Somut uyuşmazlıkta, davacı, emekli olarak iş akdini sona erdirdiğinden, yaşlılık aylığı tahsis belgesini işverene bildirdiği tarihten itibaren faiz yürütülmelidir. Ancak dosya içeriğinde davacının bu konuda işverene yazılı başvuruda bulunduğuna dair bir belge bulunmamaktadır. Dairemizin 01.03.2019 tarihli yazısı ile de Mahkemesinden bu durum sorulmuş ve davacının emeklilik başvurusunu işverene bildirdiğine dair bir başvurusu olup olmadığı hususundaki yazılı belgelerin celbi istenilmiştir.
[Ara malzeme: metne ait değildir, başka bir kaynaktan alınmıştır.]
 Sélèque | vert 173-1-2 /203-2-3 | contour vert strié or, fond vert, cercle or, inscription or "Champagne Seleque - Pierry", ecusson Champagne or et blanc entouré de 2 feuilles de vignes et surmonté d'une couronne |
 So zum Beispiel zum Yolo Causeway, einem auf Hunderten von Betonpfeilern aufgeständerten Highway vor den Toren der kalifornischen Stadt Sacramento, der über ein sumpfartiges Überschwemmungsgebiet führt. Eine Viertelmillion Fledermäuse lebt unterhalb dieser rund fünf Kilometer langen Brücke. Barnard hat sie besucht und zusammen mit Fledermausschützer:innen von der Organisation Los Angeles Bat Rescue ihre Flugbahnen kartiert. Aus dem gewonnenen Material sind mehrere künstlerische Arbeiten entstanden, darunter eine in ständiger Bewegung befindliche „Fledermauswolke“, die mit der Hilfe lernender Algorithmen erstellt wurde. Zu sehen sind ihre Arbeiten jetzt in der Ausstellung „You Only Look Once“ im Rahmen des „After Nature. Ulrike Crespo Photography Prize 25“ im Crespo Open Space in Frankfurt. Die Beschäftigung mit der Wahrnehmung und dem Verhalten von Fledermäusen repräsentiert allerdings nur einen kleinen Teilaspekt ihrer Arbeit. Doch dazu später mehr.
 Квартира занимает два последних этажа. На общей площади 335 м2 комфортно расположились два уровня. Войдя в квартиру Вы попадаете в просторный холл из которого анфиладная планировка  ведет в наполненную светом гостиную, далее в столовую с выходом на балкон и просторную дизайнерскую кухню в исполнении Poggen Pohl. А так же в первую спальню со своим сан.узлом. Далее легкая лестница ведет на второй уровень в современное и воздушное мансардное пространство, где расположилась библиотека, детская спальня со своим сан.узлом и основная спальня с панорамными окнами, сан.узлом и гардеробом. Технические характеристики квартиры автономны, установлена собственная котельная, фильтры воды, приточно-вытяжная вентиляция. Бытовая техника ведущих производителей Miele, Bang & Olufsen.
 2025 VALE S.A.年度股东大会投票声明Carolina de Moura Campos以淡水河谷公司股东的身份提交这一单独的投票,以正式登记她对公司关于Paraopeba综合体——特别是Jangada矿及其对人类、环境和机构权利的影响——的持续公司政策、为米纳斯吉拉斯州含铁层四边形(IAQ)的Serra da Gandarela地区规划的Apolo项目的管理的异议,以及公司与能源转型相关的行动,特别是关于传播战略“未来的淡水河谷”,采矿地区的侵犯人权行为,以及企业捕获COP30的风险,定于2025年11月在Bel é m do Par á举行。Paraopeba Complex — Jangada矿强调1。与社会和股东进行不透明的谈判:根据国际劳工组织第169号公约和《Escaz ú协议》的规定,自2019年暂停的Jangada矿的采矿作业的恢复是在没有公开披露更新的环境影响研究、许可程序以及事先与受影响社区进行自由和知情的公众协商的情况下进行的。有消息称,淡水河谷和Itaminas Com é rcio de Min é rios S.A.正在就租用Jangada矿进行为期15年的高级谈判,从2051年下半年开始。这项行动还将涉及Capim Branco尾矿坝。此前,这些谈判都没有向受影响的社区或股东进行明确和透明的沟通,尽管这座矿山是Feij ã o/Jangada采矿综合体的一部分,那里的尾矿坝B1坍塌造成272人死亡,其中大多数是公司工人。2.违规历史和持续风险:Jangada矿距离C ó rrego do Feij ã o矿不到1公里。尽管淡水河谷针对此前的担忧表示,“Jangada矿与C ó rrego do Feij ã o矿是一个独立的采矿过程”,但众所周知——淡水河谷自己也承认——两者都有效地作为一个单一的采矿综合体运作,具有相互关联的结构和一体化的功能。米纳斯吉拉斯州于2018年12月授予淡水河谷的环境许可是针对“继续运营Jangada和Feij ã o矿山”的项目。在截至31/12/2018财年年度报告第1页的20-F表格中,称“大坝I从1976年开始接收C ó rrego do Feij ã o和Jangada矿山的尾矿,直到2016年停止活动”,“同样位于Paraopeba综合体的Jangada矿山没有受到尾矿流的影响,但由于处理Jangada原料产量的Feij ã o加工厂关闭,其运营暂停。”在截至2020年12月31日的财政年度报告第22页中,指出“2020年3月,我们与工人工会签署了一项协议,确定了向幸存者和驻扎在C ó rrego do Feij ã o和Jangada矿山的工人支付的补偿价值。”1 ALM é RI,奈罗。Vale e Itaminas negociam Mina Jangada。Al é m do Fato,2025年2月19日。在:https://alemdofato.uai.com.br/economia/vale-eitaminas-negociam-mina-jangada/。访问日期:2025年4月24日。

Mahkemesince Sosyal Güvenlik Kurumuna yazılan müzekkereye verilen kurum cevabında ise “davacının 31.07.2006 tarihinde Sosyal Güvenlik Kurumu’na emeklilik talebi ile başvurduğu” bildirilmiş olmakla birlikte, davalı şirkete gönderilen müzekkerenin tebliğ edilemediği gibi dosya kapsamından da davacının bu durumu ispat edemediği; davalı şirkete emeklilik talebi sebebiyle başvuruda bulunduğu hususunda belge sunamadığı anlaşılmaktadır. Bu nedenle kıdem tazminatına yürütülecek faizin dava tarihinden itibaren başlatılması gerekirken, fesih tarihinden başlatılması hatalı olmuştur. Bu husus bozma nedeni ise de, yeniden yargılamayı gerektirmediğinden, hükmün 6100 sayılı Hukuk Muhakemeleri Kanunu"nun geçici 3. maddesi uyarınca uygulanmasına devam olunan mülga 1086 sayılı Hukuk Usulü Muhakemeleri Kanunu"nun 438/7. maddesi uyarınca kararın düzelterek onanmasına karar vermek gerekmiştir.
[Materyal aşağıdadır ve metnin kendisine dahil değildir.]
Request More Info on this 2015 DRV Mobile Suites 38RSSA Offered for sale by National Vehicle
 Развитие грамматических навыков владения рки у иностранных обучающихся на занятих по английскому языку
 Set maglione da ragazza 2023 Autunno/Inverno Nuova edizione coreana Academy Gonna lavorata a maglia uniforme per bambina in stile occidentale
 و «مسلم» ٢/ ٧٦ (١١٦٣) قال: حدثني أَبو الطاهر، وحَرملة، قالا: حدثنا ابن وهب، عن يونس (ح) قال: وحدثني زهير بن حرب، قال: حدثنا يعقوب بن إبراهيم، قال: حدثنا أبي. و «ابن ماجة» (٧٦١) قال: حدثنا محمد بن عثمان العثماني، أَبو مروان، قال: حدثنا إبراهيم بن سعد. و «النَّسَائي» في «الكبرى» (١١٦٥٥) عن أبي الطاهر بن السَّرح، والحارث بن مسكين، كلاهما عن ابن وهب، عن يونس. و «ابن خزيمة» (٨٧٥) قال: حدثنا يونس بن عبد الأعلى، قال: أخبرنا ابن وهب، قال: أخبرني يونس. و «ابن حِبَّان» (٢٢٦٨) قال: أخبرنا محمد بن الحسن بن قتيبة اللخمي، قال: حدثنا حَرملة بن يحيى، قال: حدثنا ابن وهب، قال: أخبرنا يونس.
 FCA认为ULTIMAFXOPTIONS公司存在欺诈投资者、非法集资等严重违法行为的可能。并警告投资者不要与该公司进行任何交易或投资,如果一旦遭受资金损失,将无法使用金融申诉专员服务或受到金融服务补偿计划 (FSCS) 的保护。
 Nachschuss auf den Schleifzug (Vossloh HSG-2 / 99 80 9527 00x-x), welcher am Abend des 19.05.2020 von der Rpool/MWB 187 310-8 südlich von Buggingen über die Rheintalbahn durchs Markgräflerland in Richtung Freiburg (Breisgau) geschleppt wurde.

SONUÇ: Temyiz olunan kararda hüküm fıkrasınında 1. no.lu bentte yer alan “ 5.376,50 TL kıdem tazminatının fesih tarihi olan 01/06/2006 itibariyle bankalarca mevduata uygulanan en yüksek faiz ile birlikte davalıdan alınarak davacıya verilmesine fazlaya ilişkin talebin reddine ” sözcüklerinin hükümden çıkartılmasına, hüküm fıkrasına “5.376,50 TL kıdem tazminatının dava tarihi itibariyle bankalarca mevduata uygulanan en yüksek faiz ile birlikte davalıdan alınarak davacıya verilmesine fazlaya ilişkin talebin reddine’’ sözcüklerinin eklenmesine, hükmün bu şekilde DÜZELTİLEREK ONANMASINA, peşin alınan temyiz harcının istek halinde ilgiliye iadesine, 07.05.2019 tarihinde oybirliğiyle karar verildi.